> _Your task_: Omit every picture and write out the rest of the records exactly.

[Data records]
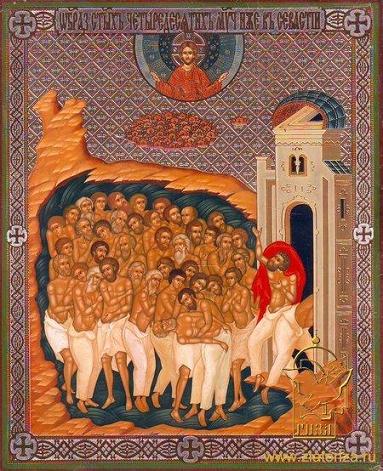 La asfinţitul soarelui, Sfinţii 40 de Mucenici au fost dezbrăcaţi de haine şi aruncaţi goi în lacul îngheţat al Sevastiei. Era ger cumplit şi se chinuiau de iuţimea frigului. Dar ei strigau la Dumnezeu să le dea putere şi răbdare până la sfârşit. Unii mai slabi strigau: „Iute este gerul”. Iar cei mai tari, răspundeau: „Dulce este raiul!” Alţii ziceau: „Rece este gheaţa!” Ceilalţi îi îmbărbătau, zicând: „Fierbinte este dragostea de Dumnezeu!” Şi aşa se întăreau unii pe alţii, luptându-se cu frigul şi durerea.
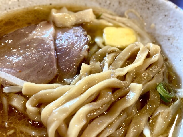 ・味噌ラーメン 小麦味しっかりしている滑らかな太麺もすごいし、すぐ溶けてなくなりはしないバターの確かさもすごい。
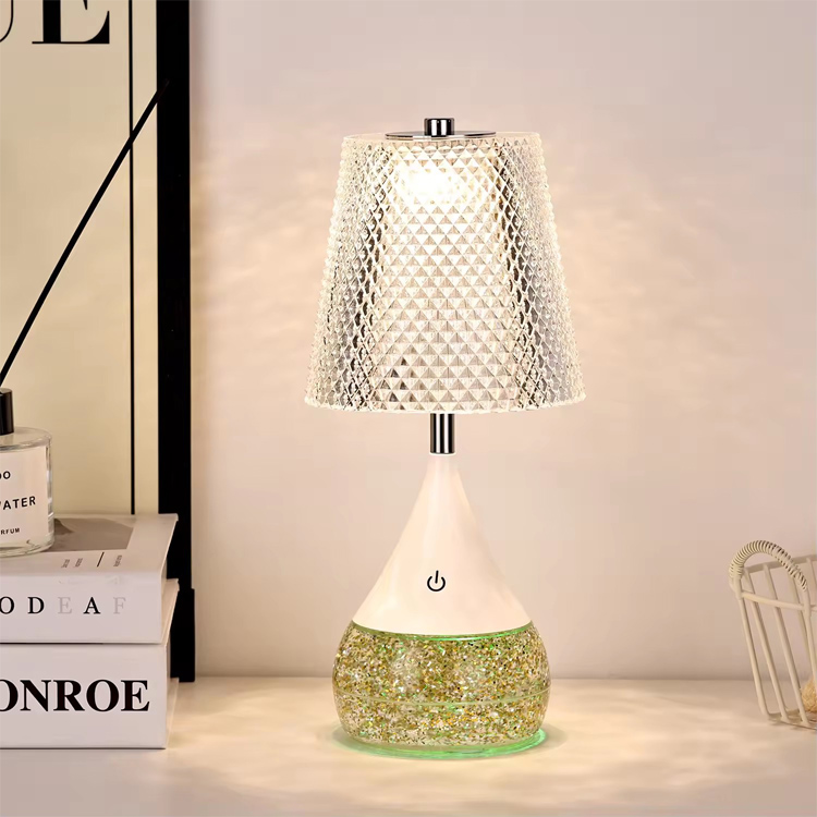Lampada da scrivania a forma di cubo bottiglia con luce notturna RGB dallo stile raffinato. Elegante lampada da tavolo a LED con paralume in cristallo e base piena di glitter, perfetta per aggiungere un tocco di glamour a qualsiasi stanza. Dispone di un pulsante di accensione sensibile al tocco per un facile utilizzo.
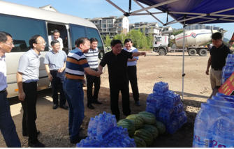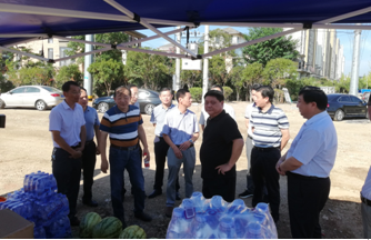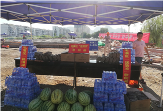 烈日下的八一大橋項目現場(chǎng)一片繁忙景象,工人們有的在支模、有的在焊接鋼筋、有的在澆筑砼,一切都井然有序,忙而不亂。屯溪區區委書(shū)記江善良一行一到現場(chǎng),就將一件件防暑降溫慰問(wèn)品遞到在施工的工人們手中,并囑咐在高溫下施工的操作人員要多注意休息、及時(shí)補充水分和營(yíng)養,按項目部要求合理安排工作時(shí)間,避免中午高溫時(shí)間段施工,同時(shí)要求項目部積極做好防暑降溫工作,保障施工一線(xiàn)工人的生命安全。充分體現了屯溪區委、區政府等領(lǐng)導對我集團公司的一片深情厚誼和關(guān)懷。
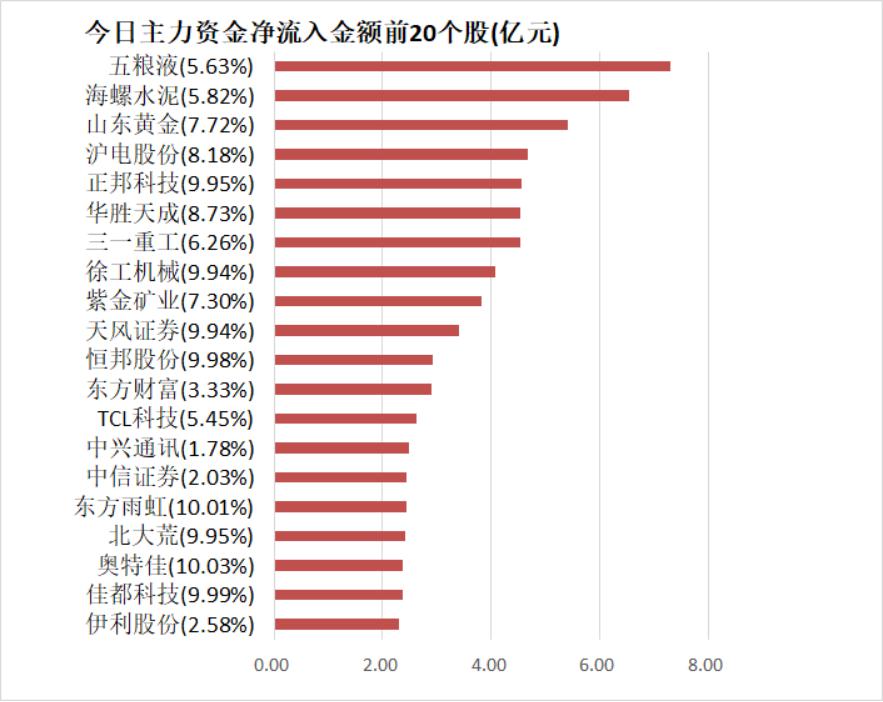今日沪深两市主力资金开盘净流入117.77亿元,尾盘净流入40.96亿元,两市全天资金净流入256.19亿元。
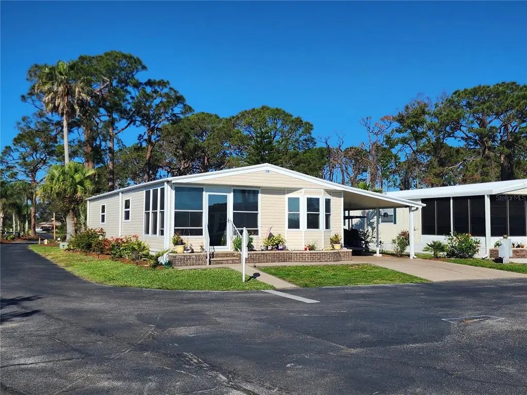 This is the One! Furnished and Turnkey ~ pride of ownership shows in this renovated home located on a corner lot in the sought after pet allowed and greenbelt area offering a backyard oasis and Privacy! Loads of beautifully done updates including updated kitchen with gorgeous solid wood cabinetry, granite countertops, new sliding patio door with built in blind, both bathrooms have been nicely updated, brand new AC August, 2025 with transferrable warranty, 4 year old metal Roof with warranty, newer vinyl windows, vinyl siding, crown molding in Living Room/Dining room, pest eliminators transferrable contract thru Dec 2025, outdoor shower with enclosure, large concrete patio pavers with lush mature landscaping, 3/4" plywood was installed under flooring throughout, wall in living room double insulated and sound proof, custom blinds on windows, extra tie downs, no hurricane damage, epoxy driveway, programmable thermostat, shed for storage, newer washer and dryer in unit with sink for convenience. There are lots of sun-filled spaces to enjoy including the front Florida room with tile flooring, ceiling fan and window shades. Security Camera on rear of home solar powered and also blink camera on front carport included. Discover Florida Living at its Finest at Polynesian Village Community that offers amenities such as a pool, shuffleboard courts, and a clubhouse hosting numerous activities. The hoa fee covers basic cable, fiber-optic internet, lawn mowing and upkeep of the association amenities. There is also a storage yard with spaces for rent at a low $130/year. Don't miss out on this incredible opportunity and rare find! Schedule your private showing today!

> _Answer_:
 La asfinţitul soarelui, Sfinţii 40 de Mucenici au fost dezbrăcaţi de haine şi aruncaţi goi în lacul îngheţat al Sevastiei. Era ger cumplit şi se chinuiau de iuţimea frigului. Dar ei strigau la Dumnezeu să le dea putere şi răbdare până la sfârşit. Unii mai slabi strigau: „Iute este gerul”. Iar cei mai tari, răspundeau: „Dulce este raiul!” Alţii ziceau: „Rece este gheaţa!” Ceilalţi îi îmbărbătau, zicând: „Fierbinte este dragostea de Dumnezeu!” Şi aşa se întăreau unii pe alţii, luptându-se cu frigul şi durerea.
 ・味噌ラーメン 小麦味しっかりしている滑らかな太麺もすごいし、すぐ溶けてなくなりはしないバターの確かさもすごい。
Lampada da scrivania a forma di cubo bottiglia con luce notturna RGB dallo stile raffinato. Elegante lampada da tavolo a LED con paralume in cristallo e base piena di glitter, perfetta per aggiungere un tocco di glamour a qualsiasi stanza. Dispone di un pulsante di accensione sensibile al tocco per un facile utilizzo.
 烈日下的八一大橋項目現場(chǎng)一片繁忙景象,工人們有的在支模、有的在焊接鋼筋、有的在澆筑砼,一切都井然有序,忙而不亂。屯溪區區委書(shū)記江善良一行一到現場(chǎng),就將一件件防暑降溫慰問(wèn)品遞到在施工的工人們手中,并囑咐在高溫下施工的操作人員要多注意休息、及時(shí)補充水分和營(yíng)養,按項目部要求合理安排工作時(shí)間,避免中午高溫時(shí)間段施工,同時(shí)要求項目部積極做好防暑降溫工作,保障施工一線(xiàn)工人的生命安全。充分體現了屯溪區委、區政府等領(lǐng)導對我集團公司的一片深情厚誼和關(guān)懷。
今日沪深两市主力资金开盘净流入117.77亿元,尾盘净流入40.96亿元,两市全天资金净流入256.19亿元。
 This is the One! Furnished and Turnkey ~ pride of ownership shows in this renovated home located on a corner lot in the sought after pet allowed and greenbelt area offering a backyard oasis and Privacy! Loads of beautifully done updates including updated kitchen with gorgeous solid wood cabinetry, granite countertops, new sliding patio door with built in blind, both bathrooms have been nicely updated, brand new AC August, 2025 with transferrable warranty, 4 year old metal Roof with warranty, newer vinyl windows, vinyl siding, crown molding in Living Room/Dining room, pest eliminators transferrable contract thru Dec 2025, outdoor shower with enclosure, large concrete patio pavers with lush mature landscaping, 3/4" plywood was installed under flooring throughout, wall in living room double insulated and sound proof, custom blinds on windows, extra tie downs, no hurricane damage, epoxy driveway, programmable thermostat, shed for storage, newer washer and dryer in unit with sink for convenience. There are lots of sun-filled spaces to enjoy including the front Florida room with tile flooring, ceiling fan and window shades. Security Camera on rear of home solar powered and also blink camera on front carport included. Discover Florida Living at its Finest at Polynesian Village Community that offers amenities such as a pool, shuffleboard courts, and a clubhouse hosting numerous activities. The hoa fee covers basic cable, fiber-optic internet, lawn mowing and upkeep of the association amenities. There is also a storage yard with spaces for rent at a low $130/year. Don't miss out on this incredible opportunity and rare find! Schedule your private showing today!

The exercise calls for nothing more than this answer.